● Provided data:

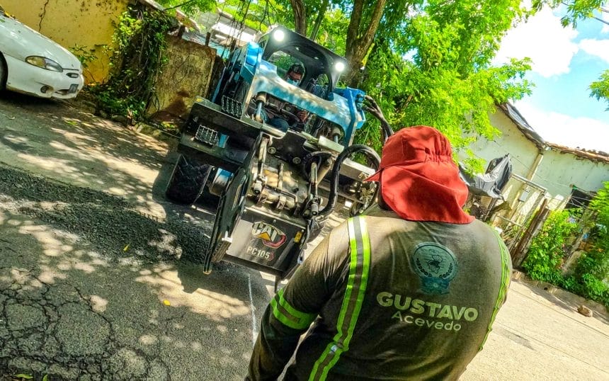 Una parte de los trabajos para mejorar el estado de las calles que tiene activada la gestión del alcalde, Gustavo Acevedo, se hace en la calle La China del sector de la colonia Lamatepec.
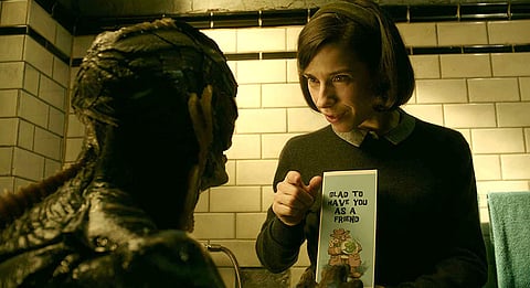 The Shape of Water is a love story set in the 1960s. The lovers are a mute cleaning lady and an amphibian man who has a muscled torso but also scales and gills. On paper, it sounds preposterous. On screen, it is poetry. Guillermo del Toro's film is fantastical, gorgeous, nutty and so moving that I wept.
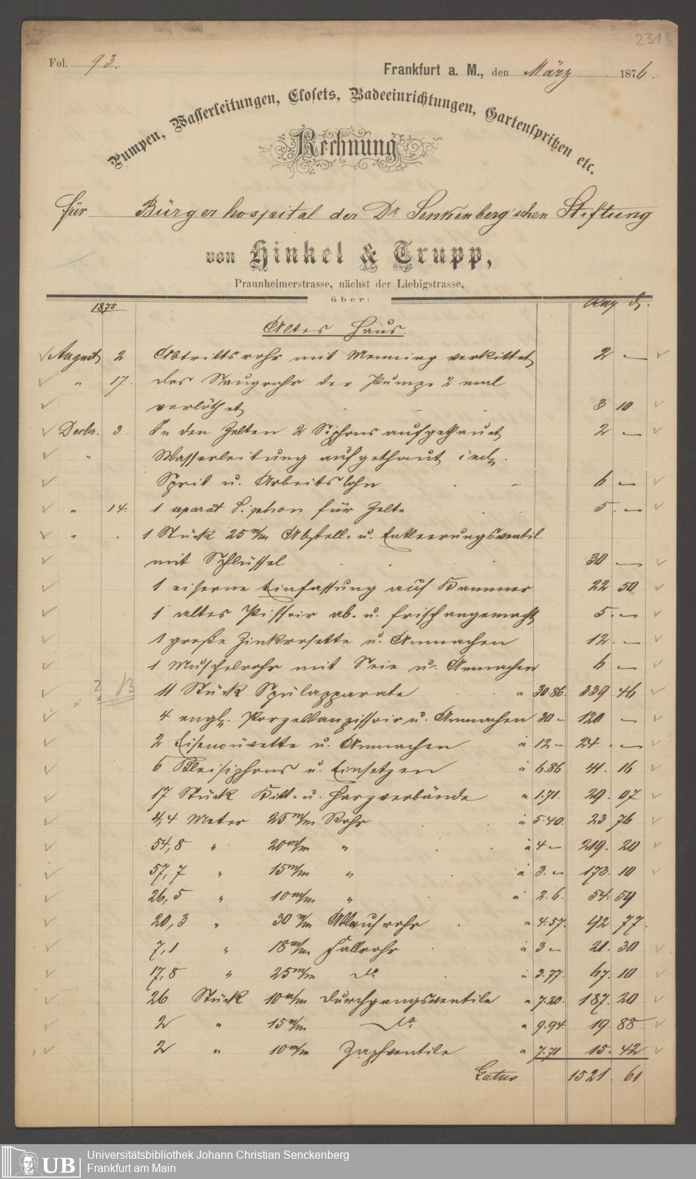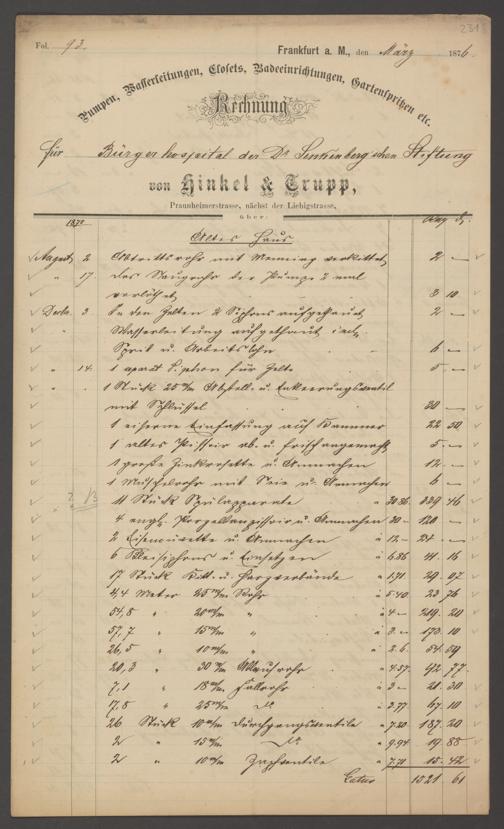 B 5 Dr. Senckenbergische Stiftung, 202 - Rechnungen und Briefe der Handwerker
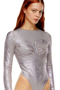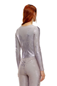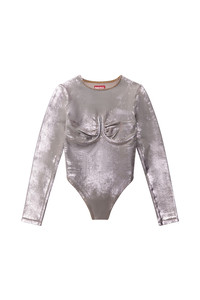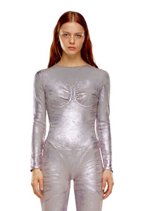 Model is wearing a size S and is 175 cm / 5'7'' Fits true to size, take your normal size. Fresh from the Spring Summer 2024 Runway Show, this women's long sleeve bodysuit is an emblem of Diesel's experimental workmanship. Bra-shaped stitching and a high-leg cut define the design. This pop-colour wash is crafted from super-stretch denim that fits the body like a second skin. The overdyed bi-stretch fabric is enriched with a dedicated artwork treatment, recreating whiskers and used effects where it naturally folds with wear. The shimmering finish comes from a sheet of Mylar foil, pressed on the fabric to enhance the vintage effects and lend a luminous finish.
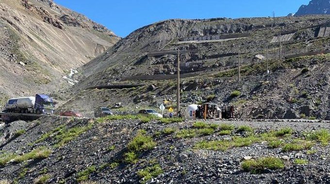 Noticias Chile | Vuelco de camión con gas en la curva de Los Caracoles detiene el tráfico en Paso Los Libertadores
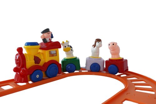 Vlaková dráha s veľkou mašinkou na batérie. Vlak vydáva zvuky.
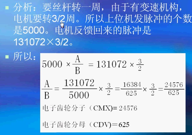 (分辨率x精度)/(絲桿導(dǎo)程x減速比)=分子/分母
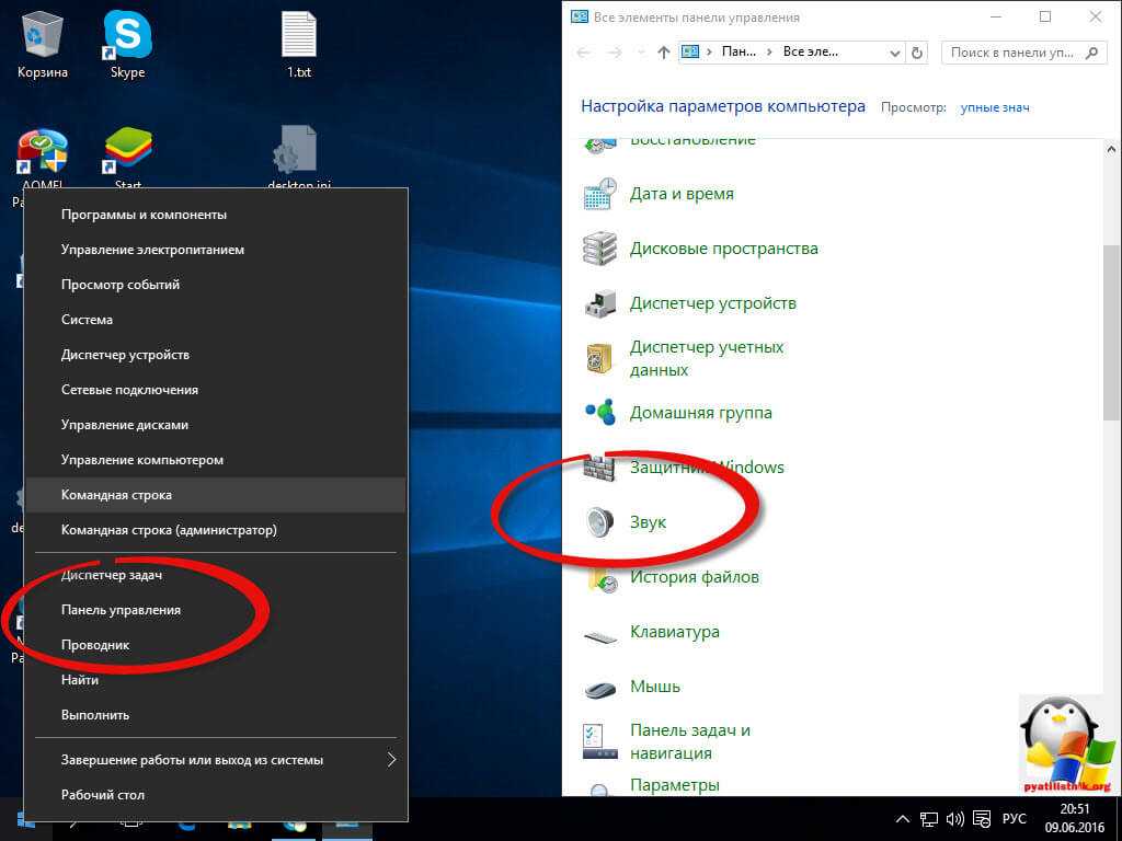 хотя еще можно через панель управления, найти ее можно щелкнув по пуску правым кликом, и ыбрав соответствующий пункт > потом Звук.
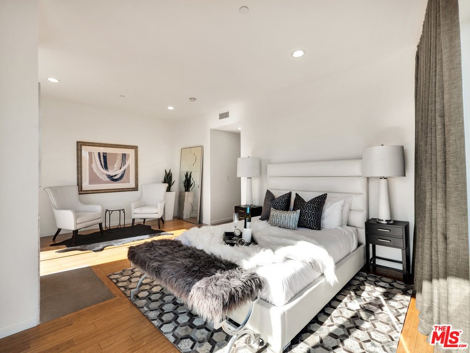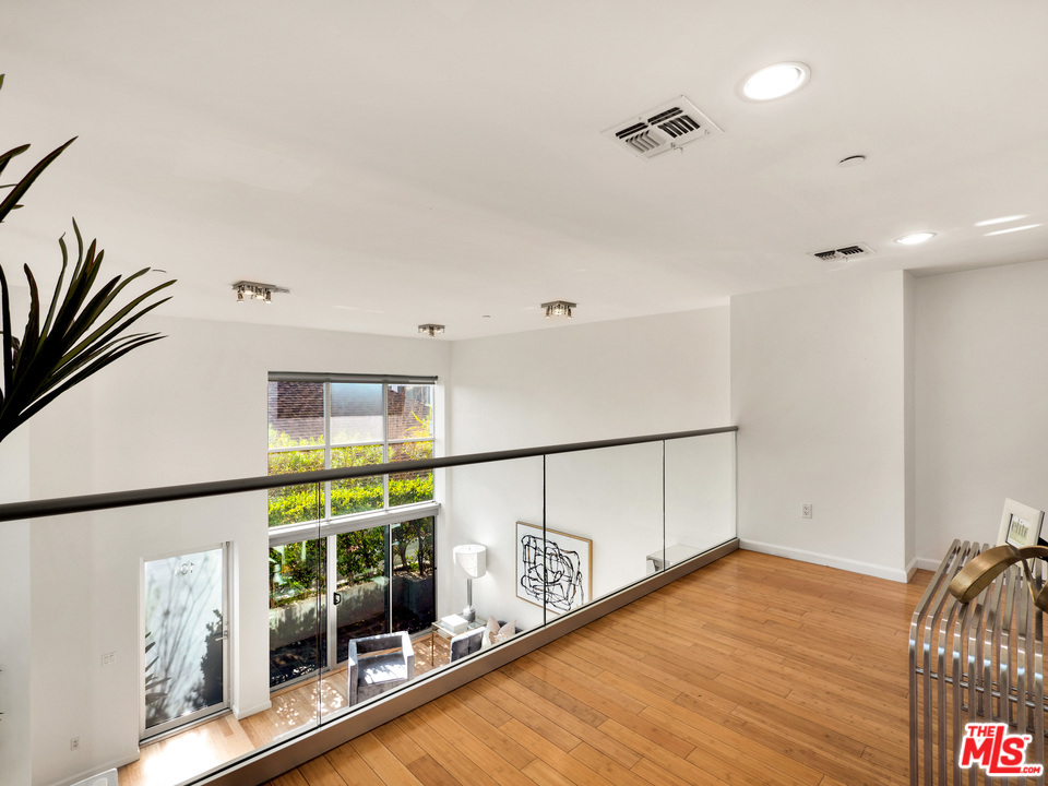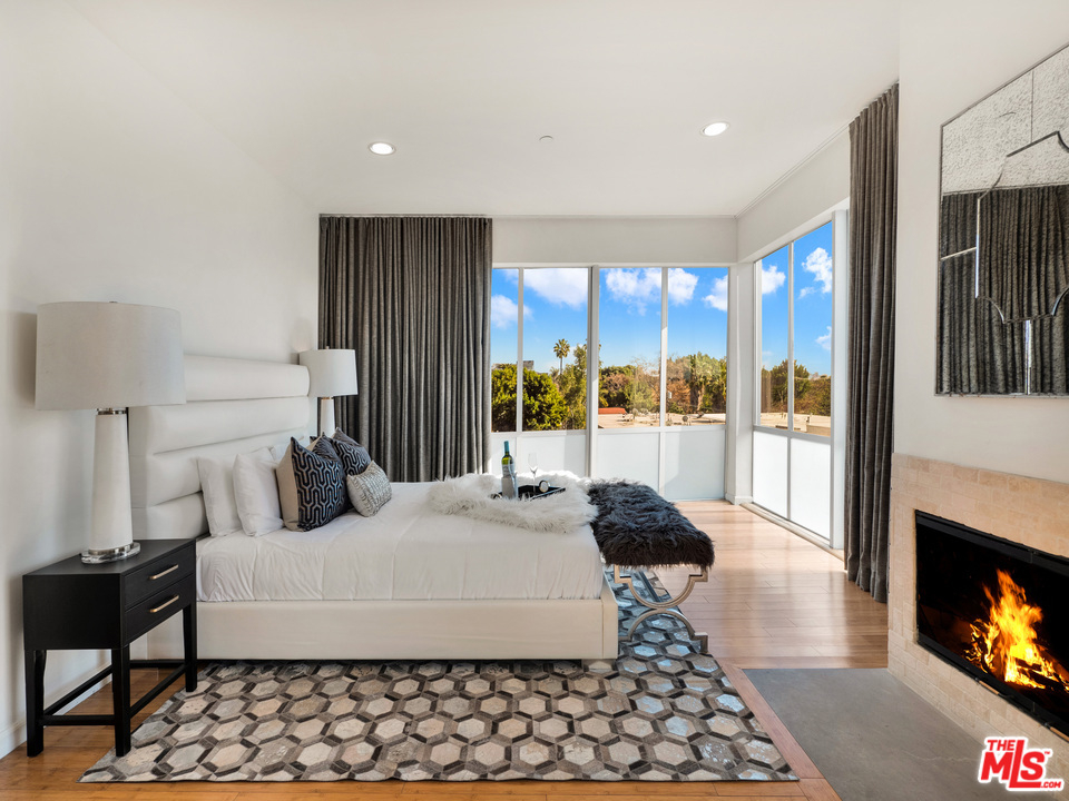 Don't miss this one of a kind stunning Architectural Multi-level End Unit Townhouse! This light, bright, double corner unit faces East, South, and West with panoramic views from the Hollywood Hills through DTLA and past Century City. The entry level floor boasts bamboo floors, 20ft walls of glass, kitchen with quartz counters & Bosch stainless steel appliances, and a private patio decorated with beautiful trees. Follow the stairs to the open loft level perfect for any office or sitting area. The 3rd and 4th levels are both enormous private bedroom suites each with their own balcony and closets. The designated master features a fireplace set between walls of glass showcasing the city views. Above the 4th floor Master is the fantastic private roof deck with sweeping views, built in seating, and a utility kitchen for meal prep while hosting on the deck. Additional features include a 2-car attached private garage with laundry and ample storage. This is a must to see!

● What this task involves:
Return each record exactly as given, excluding any image.

● Result of this task:
 Una parte de los trabajos para mejorar el estado de las calles que tiene activada la gestión del alcalde, Gustavo Acevedo, se hace en la calle La China del sector de la colonia Lamatepec.
 The Shape of Water is a love story set in the 1960s. The lovers are a mute cleaning lady and an amphibian man who has a muscled torso but also scales and gills. On paper, it sounds preposterous. On screen, it is poetry. Guillermo del Toro's film is fantastical, gorgeous, nutty and so moving that I wept.
 B 5 Dr. Senckenbergische Stiftung, 202 - Rechnungen und Briefe der Handwerker
 Model is wearing a size S and is 175 cm / 5'7'' Fits true to size, take your normal size. Fresh from the Spring Summer 2024 Runway Show, this women's long sleeve bodysuit is an emblem of Diesel's experimental workmanship. Bra-shaped stitching and a high-leg cut define the design. This pop-colour wash is crafted from super-stretch denim that fits the body like a second skin. The overdyed bi-stretch fabric is enriched with a dedicated artwork treatment, recreating whiskers and used effects where it naturally folds with wear. The shimmering finish comes from a sheet of Mylar foil, pressed on the fabric to enhance the vintage effects and lend a luminous finish.
 Noticias Chile | Vuelco de camión con gas en la curva de Los Caracoles detiene el tráfico en Paso Los Libertadores
 Vlaková dráha s veľkou mašinkou na batérie. Vlak vydáva zvuky.
 (分辨率x精度)/(絲桿導(dǎo)程x減速比)=分子/分母
 хотя еще можно через панель управления, найти ее можно щелкнув по пуску правым кликом, и ыбрав соответствующий пункт > потом Звук.
 Don't miss this one of a kind stunning Architectural Multi-level End Unit Townhouse! This light, bright, double corner unit faces East, South, and West with panoramic views from the Hollywood Hills through DTLA and past Century City. The entry level floor boasts bamboo floors, 20ft walls of glass, kitchen with quartz counters & Bosch stainless steel appliances, and a private patio decorated with beautiful trees. Follow the stairs to the open loft level perfect for any office or sitting area. The 3rd and 4th levels are both enormous private bedroom suites each with their own balcony and closets. The designated master features a fireplace set between walls of glass showcasing the city views. Above the 4th floor Master is the fantastic private roof deck with sweeping views, built in seating, and a utility kitchen for meal prep while hosting on the deck. Additional features include a 2-car attached private garage with laundry and ample storage. This is a must to see!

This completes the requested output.